Only the lines below between the one holding "ほっと住まいるでは、いつも建て方作業を2日間にわたって行っています。" and the one holding "View Original Calendar", inclusive, are to be reproduced word for word; the pictures are to be left out.

Supplied material –
——————
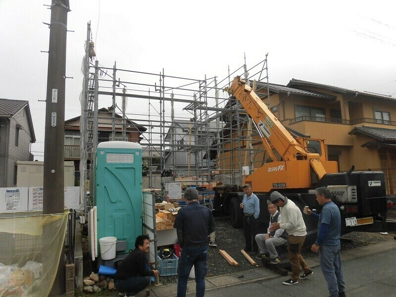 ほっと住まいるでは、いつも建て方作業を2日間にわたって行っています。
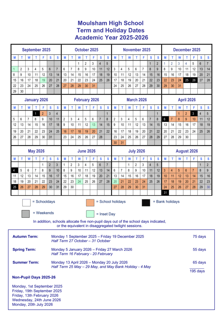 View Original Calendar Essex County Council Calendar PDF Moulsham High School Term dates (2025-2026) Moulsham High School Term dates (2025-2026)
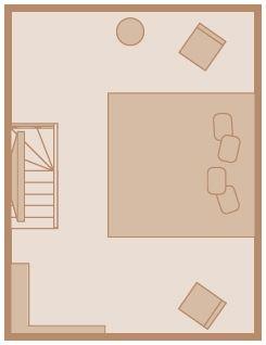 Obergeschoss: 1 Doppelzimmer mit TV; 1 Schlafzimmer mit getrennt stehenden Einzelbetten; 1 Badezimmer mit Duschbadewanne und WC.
——————
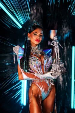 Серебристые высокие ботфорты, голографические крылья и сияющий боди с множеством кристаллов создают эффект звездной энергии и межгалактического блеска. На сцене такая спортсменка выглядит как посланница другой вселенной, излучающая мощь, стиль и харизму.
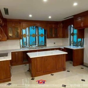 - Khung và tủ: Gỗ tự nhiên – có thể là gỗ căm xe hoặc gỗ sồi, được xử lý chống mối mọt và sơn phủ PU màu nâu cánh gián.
——————
Output of the task –
 ほっと住まいるでは、いつも建て方作業を2日間にわたって行っています。
 View Original Calendar Essex County Council Calendar PDF Moulsham High School Term dates (2025-2026) Moulsham High School Term dates (2025-2026)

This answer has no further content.